I take it geography isn't your best subject. But that's what you're here for... right?

Have you ever been to Arizona before? Or New Mexico? Or southern California? Climates in the western US are COMPLETELY different from the humid eastern US. The desert southwest is more comparable to the middle east or central Asia than it is to the deep south US. In the western US, elevation is the no 1 biggest determinant of climate/ termperatures, not latitude. Every single state in the western US has an extremely diverse climate that can range wildly. For example, Phoenix and Flagstaff are about two hours away, and are so different from one another it is comparable to going from Mexico to Canada in that 2 hour drive.

I just did some research on the location and climate of Kabul, Afghanistan.
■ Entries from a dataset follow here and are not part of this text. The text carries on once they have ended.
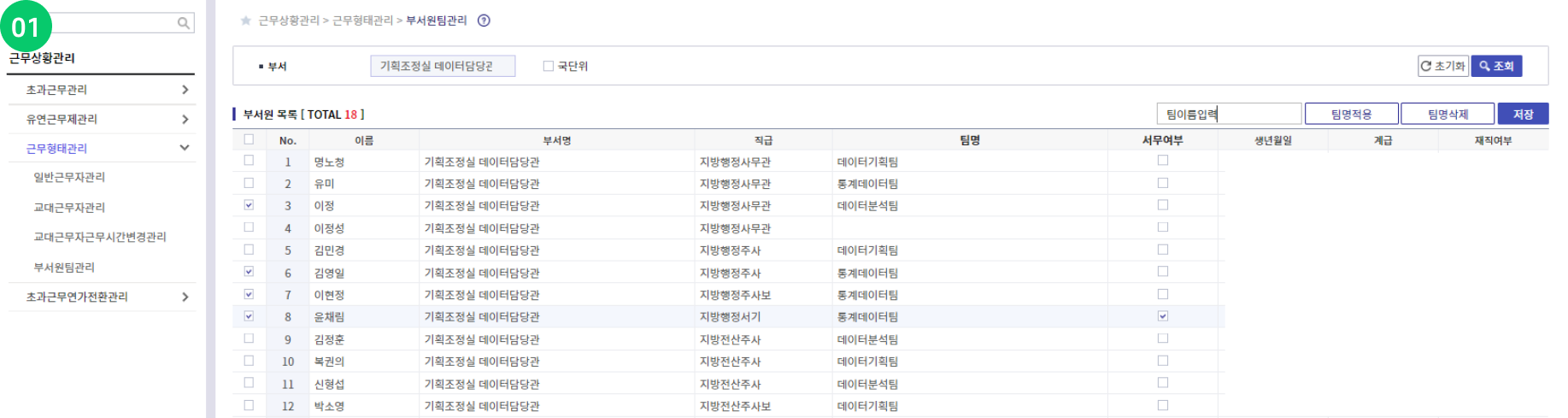 [근무상황관리]-[근무형태관리]-[부서원팀관리]
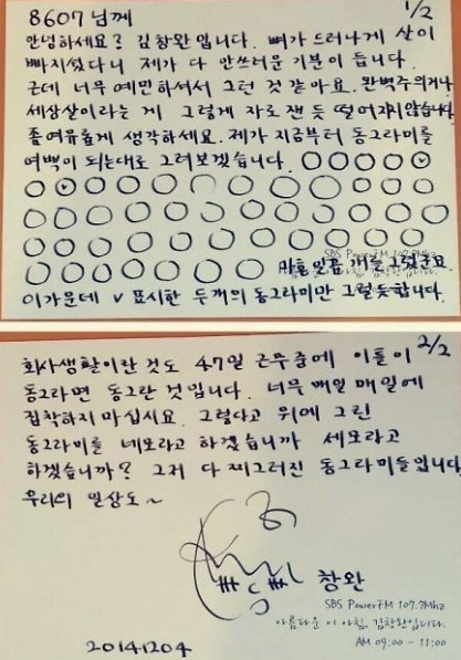 어느 날 김창완 선생님께서 진행하신 라디오에 직장 생활 스트레스로 살이 빠졌다는 사연이 왔습니다. 김창완 선생님께서는 그 편지 사연을 본 후 종이 여백에 47개의 작은 원을 그리십니다.
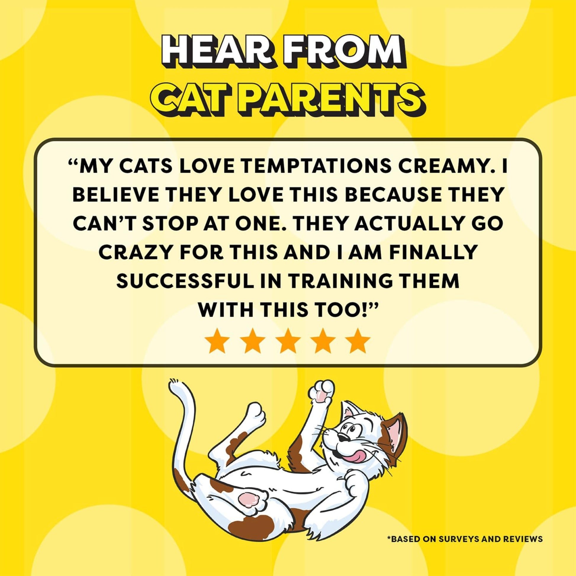 - IRRESISTIBLE CAT TREATS: Delight your cat with lickable Temptations Creamy Purrrr-ée treats that offer a smooth texture and flavour they’ll love
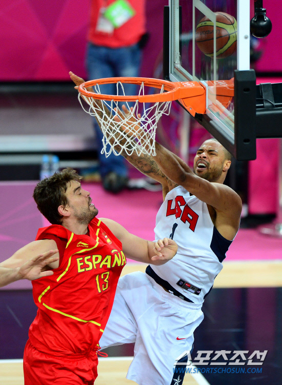 미국 남자 농구대표팀이 12일 런던 노우스 그린위치아레나에서 스페인과 남자농구 결승전을 펼쳤다. 타이슨 챈들러의 슛을 스페인 마크 가솔이 막아서고 있다.
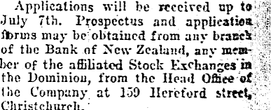 Applications will be received up t« \ July 7th. Prospectus and applieatiaa. ,= Itorms may befobtained from any branch of the Bank of New Zealand, any nw»- v - her of the affiliated Stock Exchanges'ia , the Dominion, from the Head Omee of the Company at 1-39 Hereford street, Christchurch.'
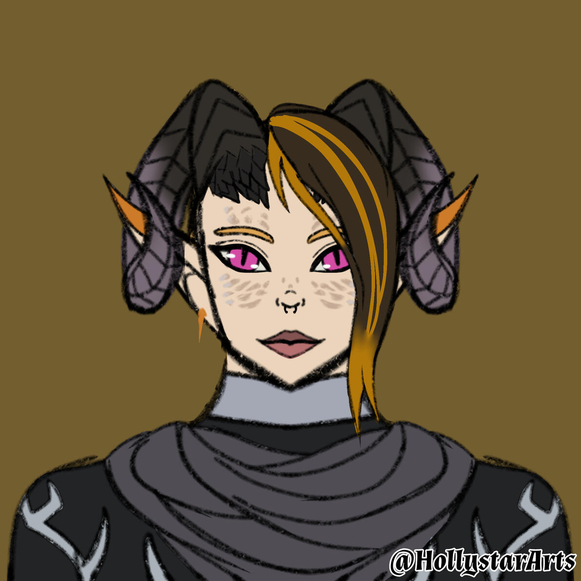 She has some scars across her body in her dracthyr form, but she refuses to apply them on the visage form. She has a few piercings she got while she was in Stormwind, but refuses to indicate them other than her septum and her ears.𖤐 What would your character say their best trait would be?

Kabul's latitude is at 34.5 N. That is roughly about the same latitude as Albuquerque, NM or Prescott, AZ or Barstow, CA. Elevation of Kabul is about 5,876 feet. That's about the same elevation as Denver or Albuquerque. Annual precipitation is about the same as Denver. Season precipitation, rain and snowfall patterns of Kabul look VERY similar to Reno or Salt Lake City. Temperatures look very similar to Reno. From looking at pictures, the mountains and physical geography of Kabul look very similar to the Great Basin-- much more like the Great Basin, actually, than the Rocky Mountains.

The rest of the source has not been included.